» EXERCISE DESCRIPTION: For every entry below, give an exact repeat and leave out the pictures.

» RECORDS:

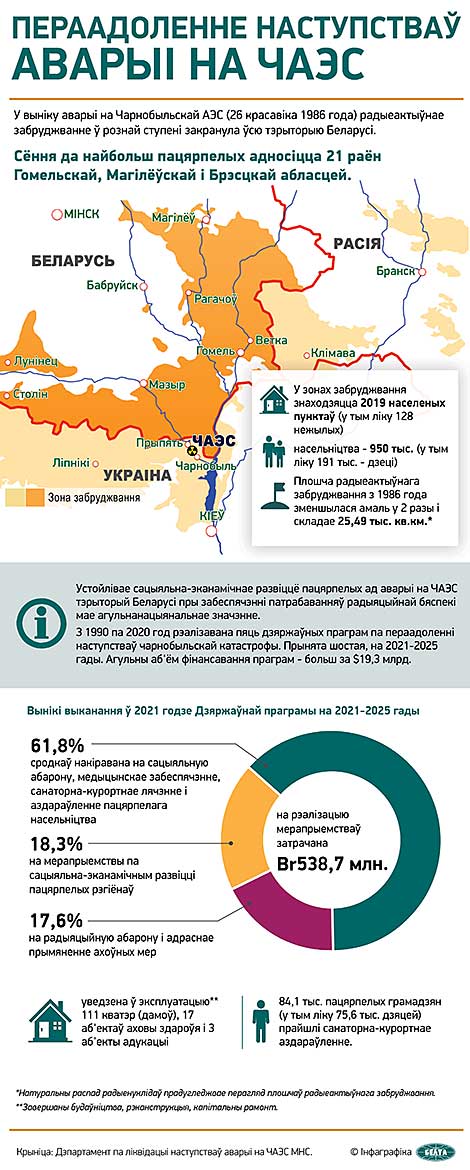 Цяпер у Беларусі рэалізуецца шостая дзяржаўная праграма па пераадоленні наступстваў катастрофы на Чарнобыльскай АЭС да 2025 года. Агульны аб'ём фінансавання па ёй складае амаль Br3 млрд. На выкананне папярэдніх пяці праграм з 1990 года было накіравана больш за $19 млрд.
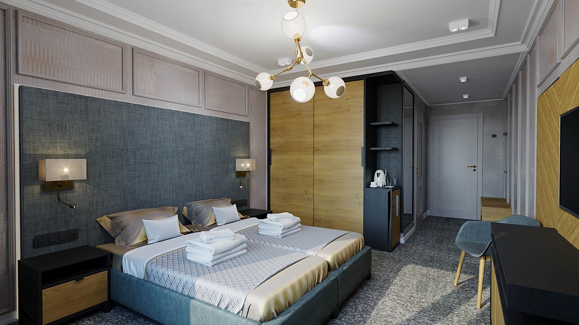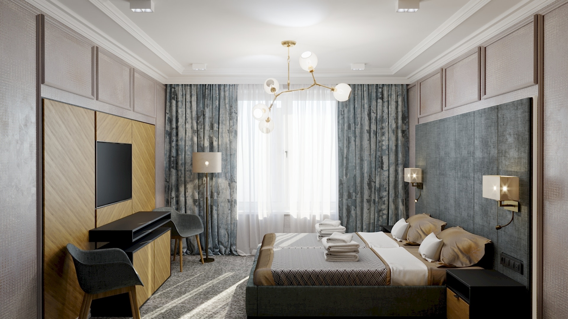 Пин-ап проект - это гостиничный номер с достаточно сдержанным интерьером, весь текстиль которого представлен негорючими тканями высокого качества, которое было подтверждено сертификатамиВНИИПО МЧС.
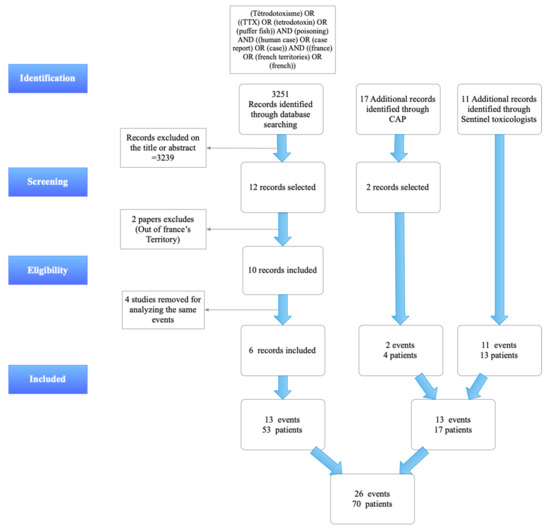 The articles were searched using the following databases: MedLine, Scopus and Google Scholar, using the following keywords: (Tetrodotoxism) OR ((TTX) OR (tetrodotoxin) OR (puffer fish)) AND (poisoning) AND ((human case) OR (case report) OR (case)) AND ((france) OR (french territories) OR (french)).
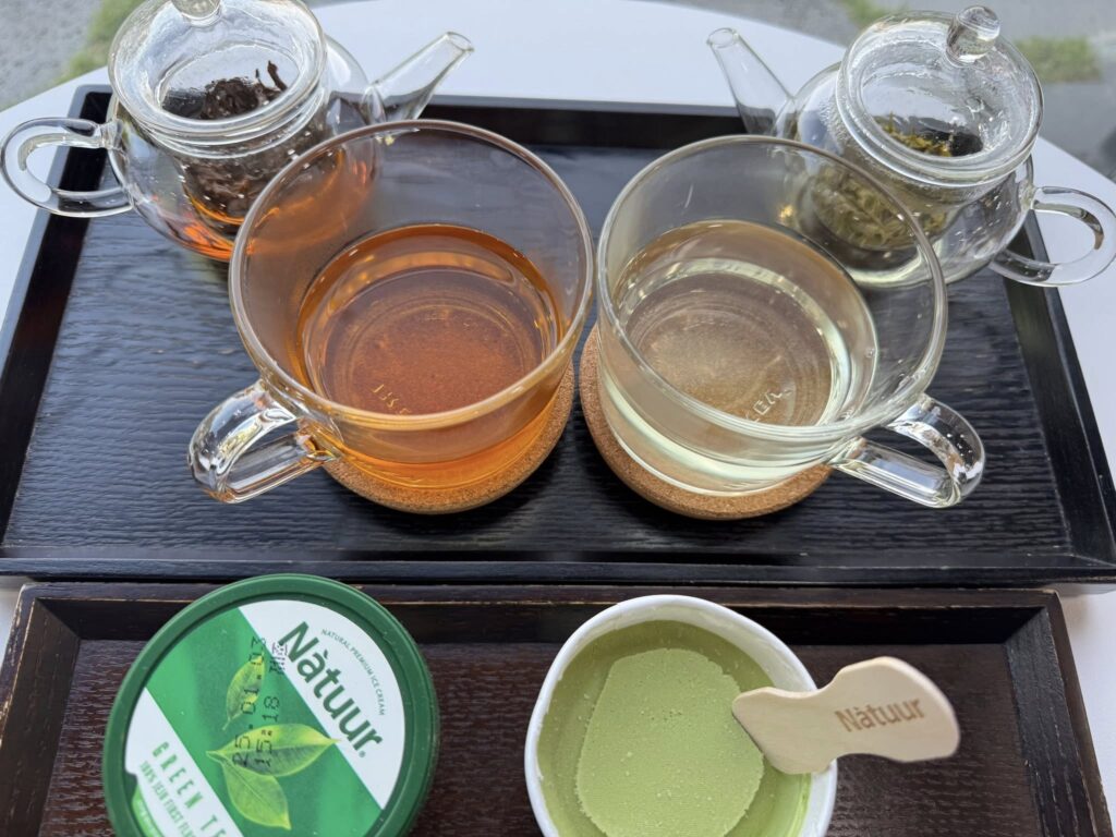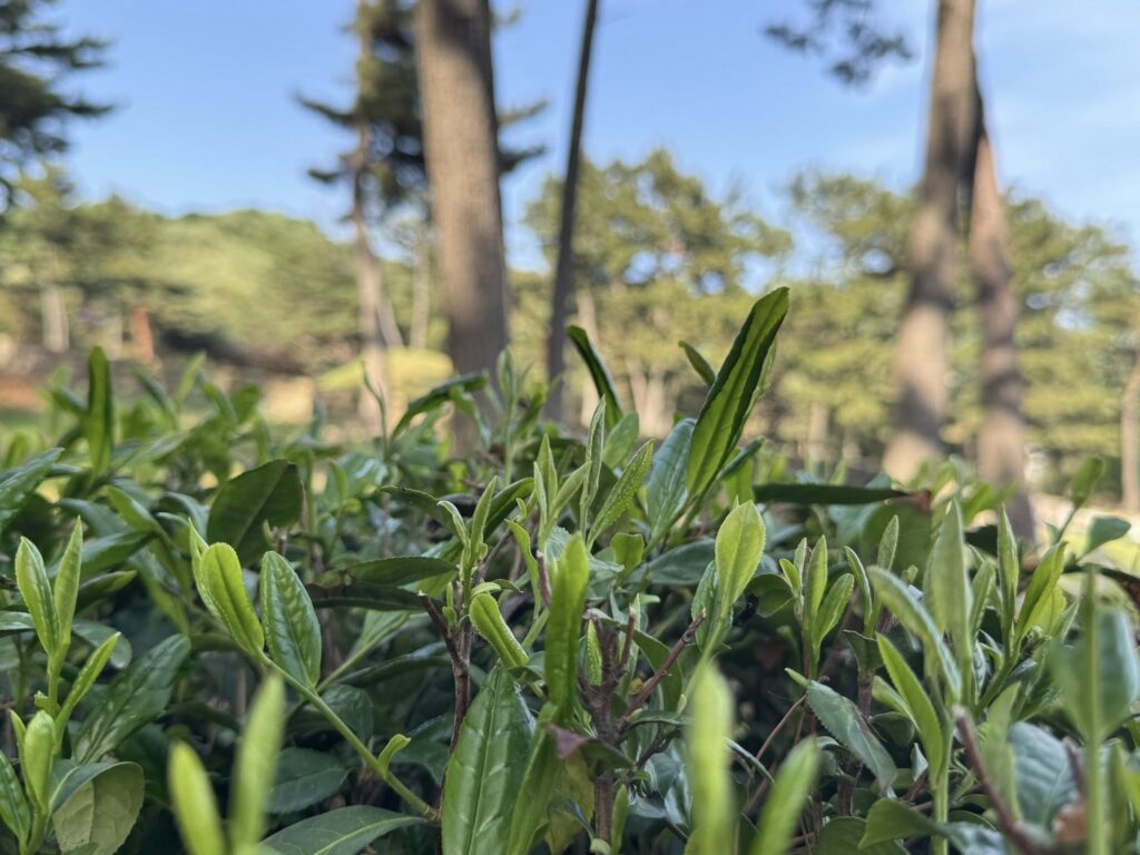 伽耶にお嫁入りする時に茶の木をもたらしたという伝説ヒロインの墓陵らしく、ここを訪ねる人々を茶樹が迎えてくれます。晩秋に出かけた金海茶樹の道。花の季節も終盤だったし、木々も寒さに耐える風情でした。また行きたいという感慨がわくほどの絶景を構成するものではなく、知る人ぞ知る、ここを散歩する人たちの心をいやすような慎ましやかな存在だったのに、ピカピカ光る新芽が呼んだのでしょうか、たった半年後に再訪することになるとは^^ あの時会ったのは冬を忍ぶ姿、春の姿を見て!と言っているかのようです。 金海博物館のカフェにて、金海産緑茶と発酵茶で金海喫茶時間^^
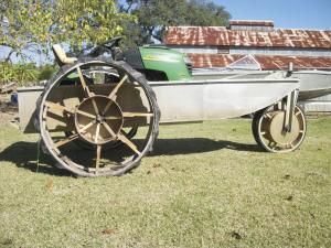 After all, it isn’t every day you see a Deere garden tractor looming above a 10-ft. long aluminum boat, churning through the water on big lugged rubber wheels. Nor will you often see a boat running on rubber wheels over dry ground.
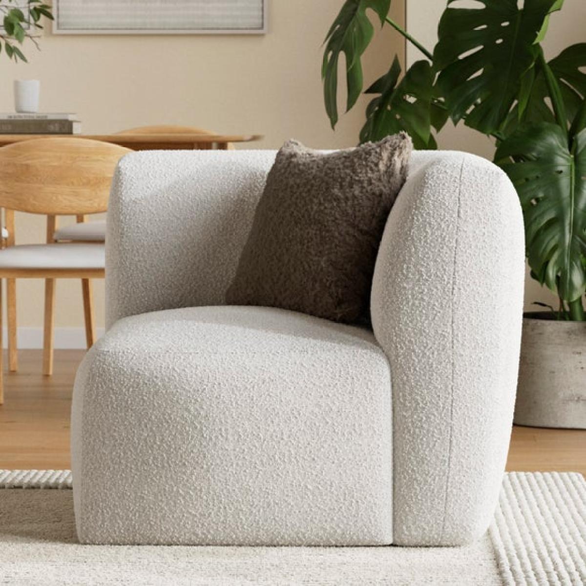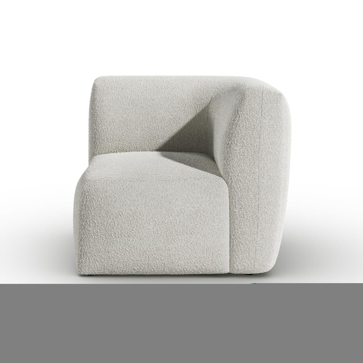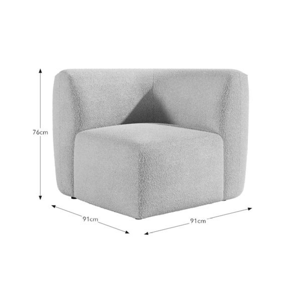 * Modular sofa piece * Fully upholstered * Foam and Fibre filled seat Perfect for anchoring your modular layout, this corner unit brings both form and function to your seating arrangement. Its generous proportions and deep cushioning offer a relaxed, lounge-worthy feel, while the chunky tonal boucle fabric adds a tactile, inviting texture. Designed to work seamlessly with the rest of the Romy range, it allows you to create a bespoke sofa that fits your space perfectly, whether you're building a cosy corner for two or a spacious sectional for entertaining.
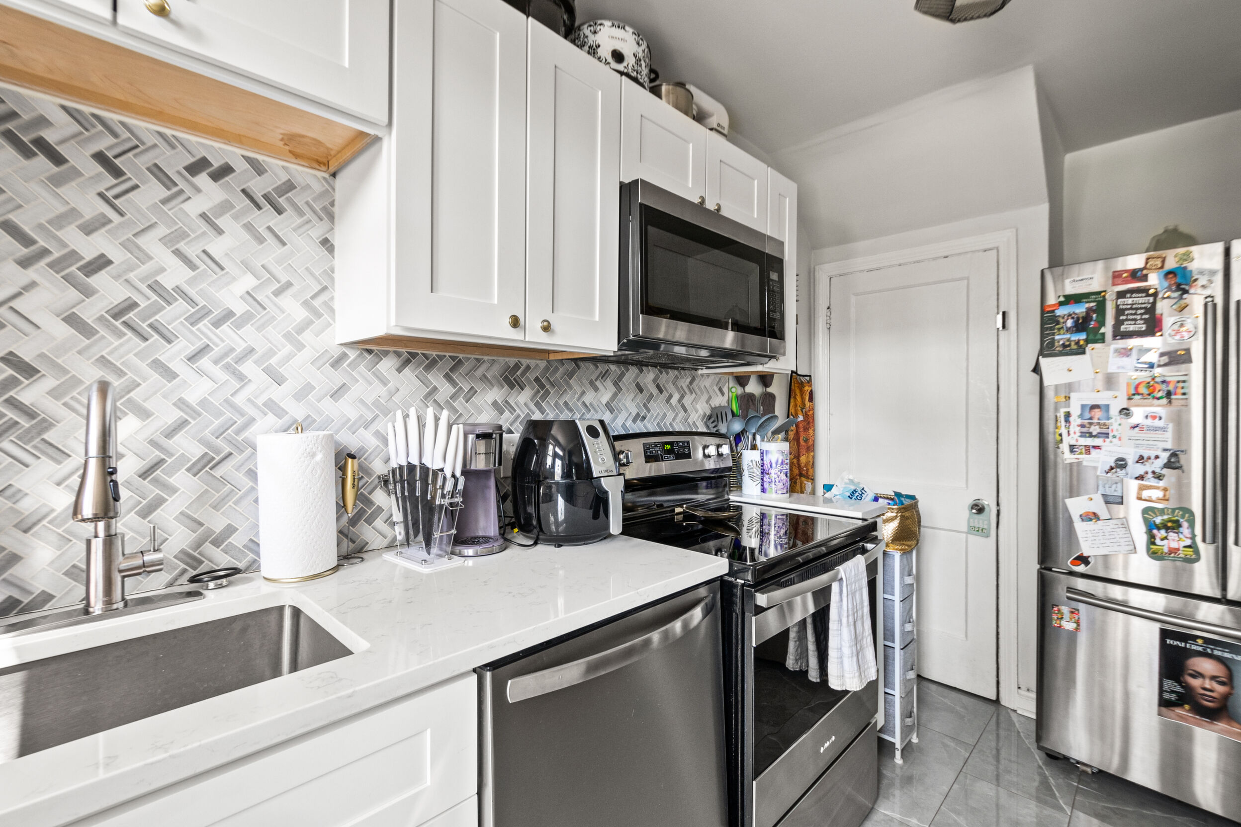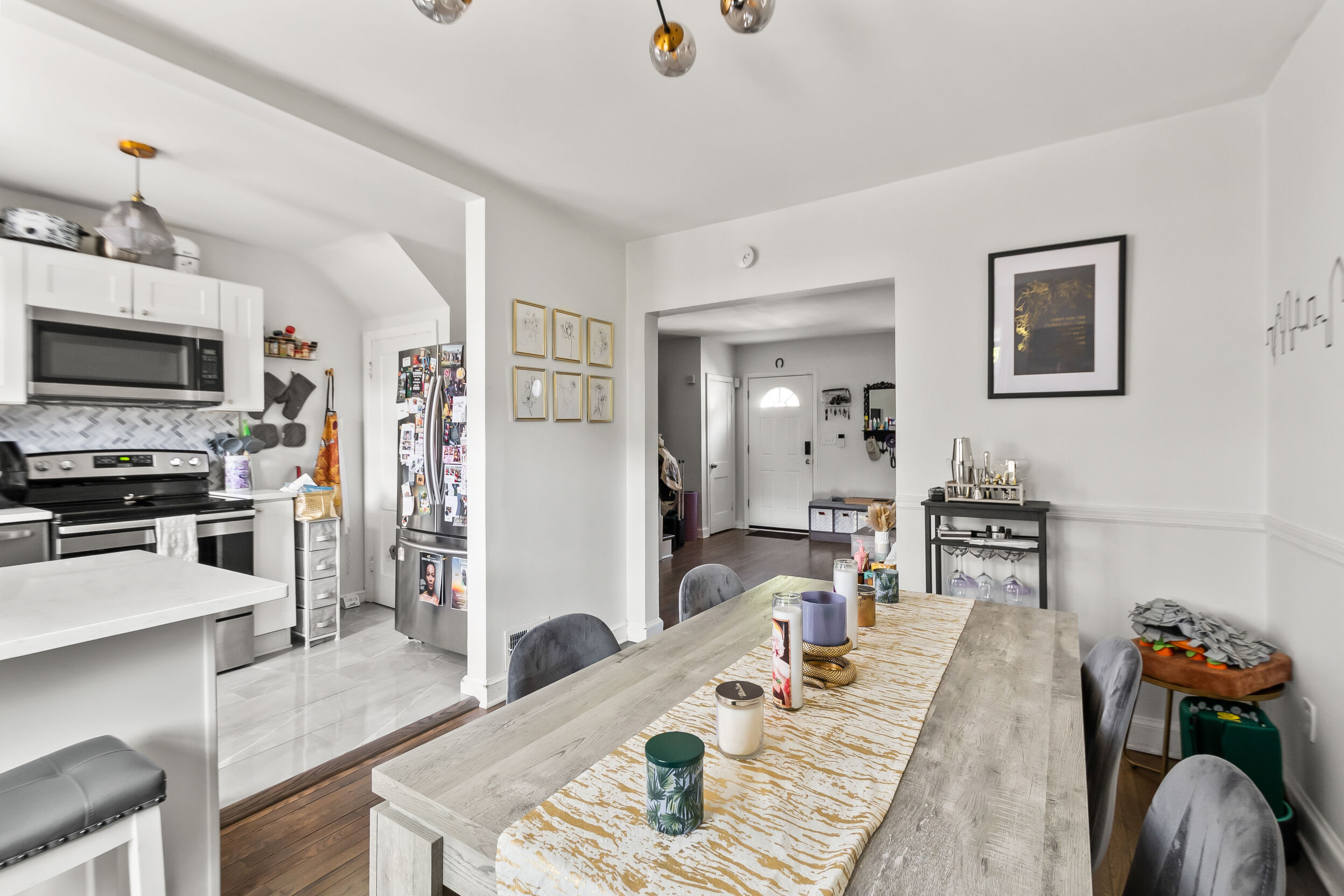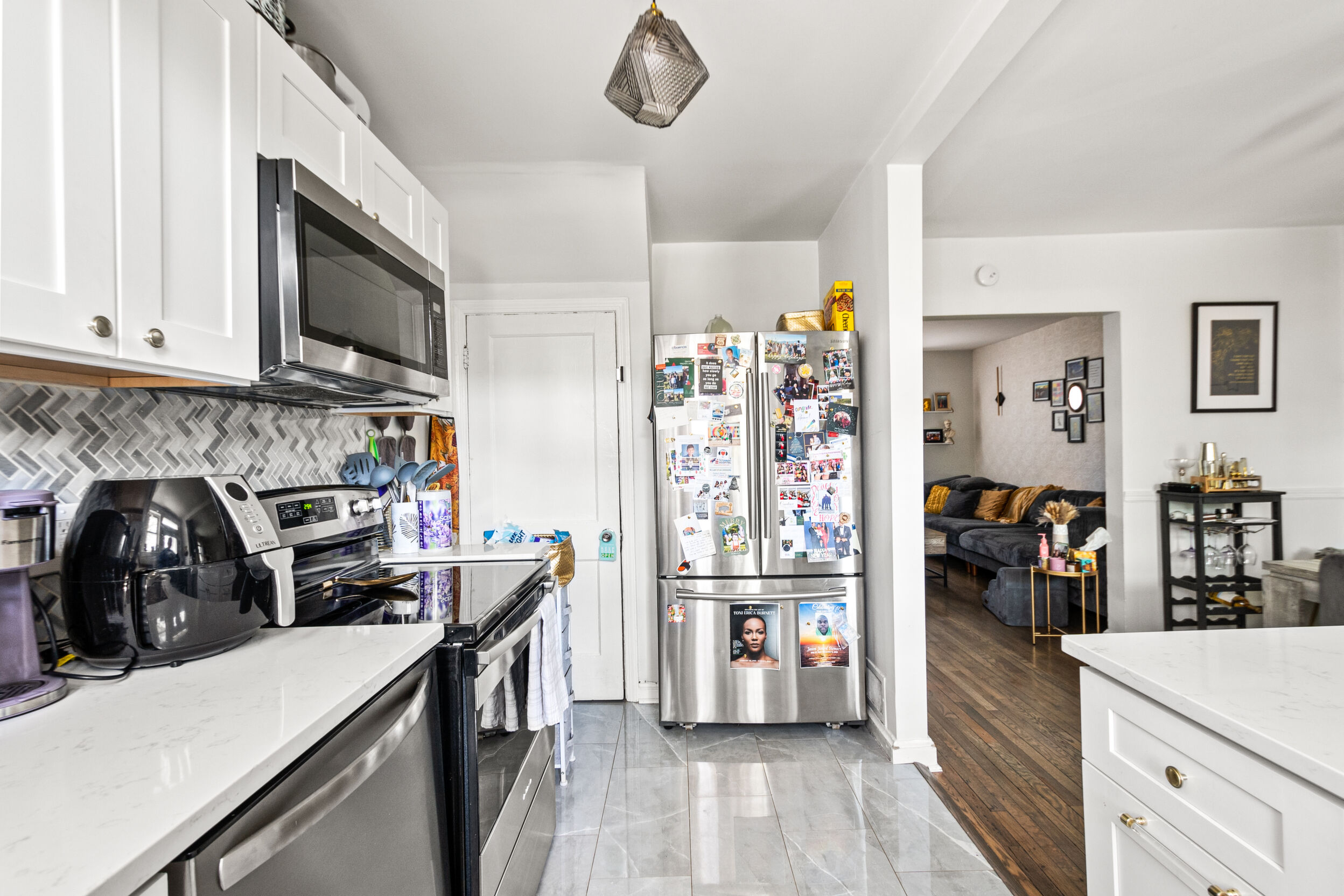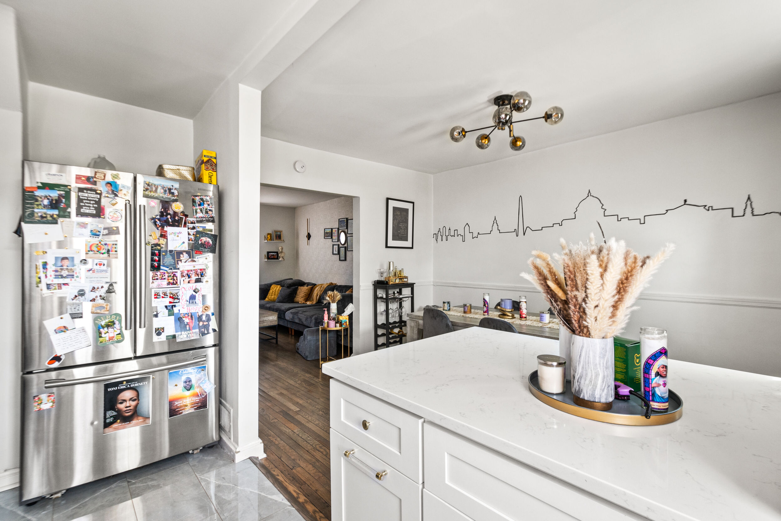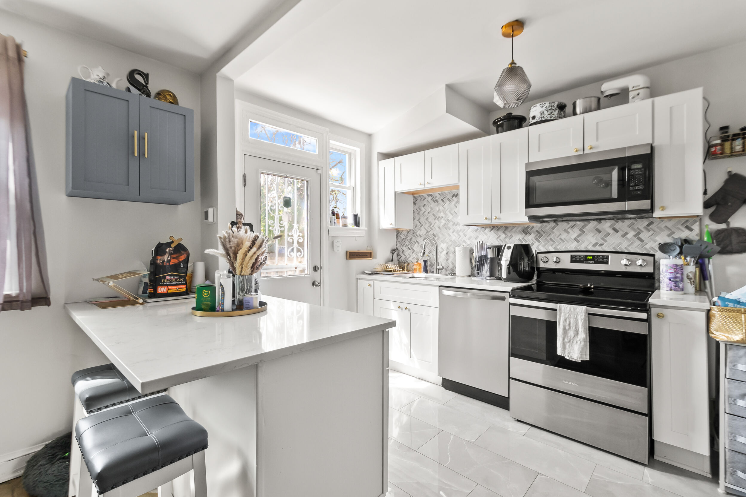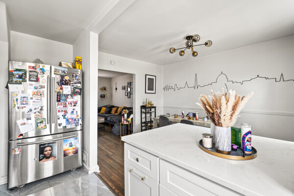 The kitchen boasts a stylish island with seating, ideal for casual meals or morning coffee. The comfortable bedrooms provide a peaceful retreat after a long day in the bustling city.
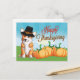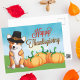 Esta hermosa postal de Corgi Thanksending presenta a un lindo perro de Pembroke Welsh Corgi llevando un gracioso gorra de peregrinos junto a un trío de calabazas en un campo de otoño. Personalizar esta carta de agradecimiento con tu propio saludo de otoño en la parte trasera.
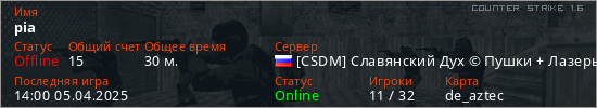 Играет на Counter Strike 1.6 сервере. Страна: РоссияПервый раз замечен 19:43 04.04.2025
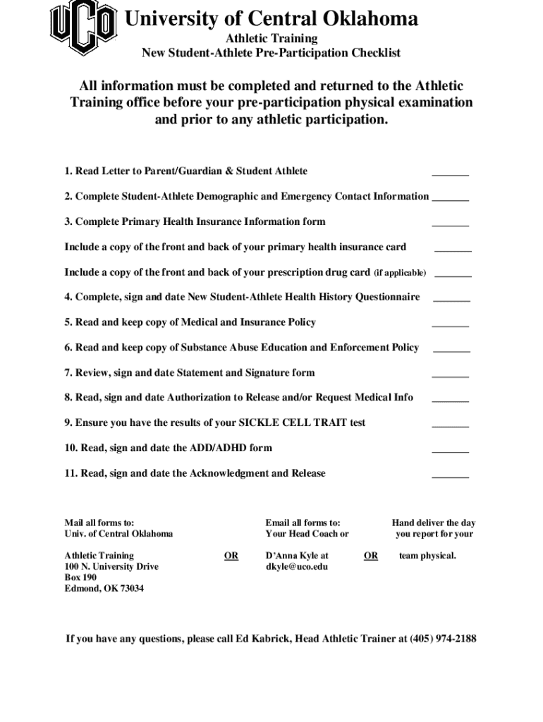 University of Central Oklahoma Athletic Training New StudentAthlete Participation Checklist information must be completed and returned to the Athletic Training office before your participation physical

» TASK RESULT:
 Цяпер у Беларусі рэалізуецца шостая дзяржаўная праграма па пераадоленні наступстваў катастрофы на Чарнобыльскай АЭС да 2025 года. Агульны аб'ём фінансавання па ёй складае амаль Br3 млрд. На выкананне папярэдніх пяці праграм з 1990 года было накіравана больш за $19 млрд.
 Пин-ап проект - это гостиничный номер с достаточно сдержанным интерьером, весь текстиль которого представлен негорючими тканями высокого качества, которое было подтверждено сертификатамиВНИИПО МЧС.
 The articles were searched using the following databases: MedLine, Scopus and Google Scholar, using the following keywords: (Tetrodotoxism) OR ((TTX) OR (tetrodotoxin) OR (puffer fish)) AND (poisoning) AND ((human case) OR (case report) OR (case)) AND ((france) OR (french territories) OR (french)).
 伽耶にお嫁入りする時に茶の木をもたらしたという伝説ヒロインの墓陵らしく、ここを訪ねる人々を茶樹が迎えてくれます。晩秋に出かけた金海茶樹の道。花の季節も終盤だったし、木々も寒さに耐える風情でした。また行きたいという感慨がわくほどの絶景を構成するものではなく、知る人ぞ知る、ここを散歩する人たちの心をいやすような慎ましやかな存在だったのに、ピカピカ光る新芽が呼んだのでしょうか、たった半年後に再訪することになるとは^^ あの時会ったのは冬を忍ぶ姿、春の姿を見て!と言っているかのようです。 金海博物館のカフェにて、金海産緑茶と発酵茶で金海喫茶時間^^
 After all, it isn’t every day you see a Deere garden tractor looming above a 10-ft. long aluminum boat, churning through the water on big lugged rubber wheels. Nor will you often see a boat running on rubber wheels over dry ground.
 * Modular sofa piece * Fully upholstered * Foam and Fibre filled seat Perfect for anchoring your modular layout, this corner unit brings both form and function to your seating arrangement. Its generous proportions and deep cushioning offer a relaxed, lounge-worthy feel, while the chunky tonal boucle fabric adds a tactile, inviting texture. Designed to work seamlessly with the rest of the Romy range, it allows you to create a bespoke sofa that fits your space perfectly, whether you're building a cosy corner for two or a spacious sectional for entertaining.
 The kitchen boasts a stylish island with seating, ideal for casual meals or morning coffee. The comfortable bedrooms provide a peaceful retreat after a long day in the bustling city.
 Esta hermosa postal de Corgi Thanksending presenta a un lindo perro de Pembroke Welsh Corgi llevando un gracioso gorra de peregrinos junto a un trío de calabazas en un campo de otoño. Personalizar esta carta de agradecimiento con tu propio saludo de otoño en la parte trasera.
 Играет на Counter Strike 1.6 сервере. Страна: РоссияПервый раз замечен 19:43 04.04.2025
 University of Central Oklahoma Athletic Training New StudentAthlete Participation Checklist information must be completed and returned to the Athletic Training office before your participation physical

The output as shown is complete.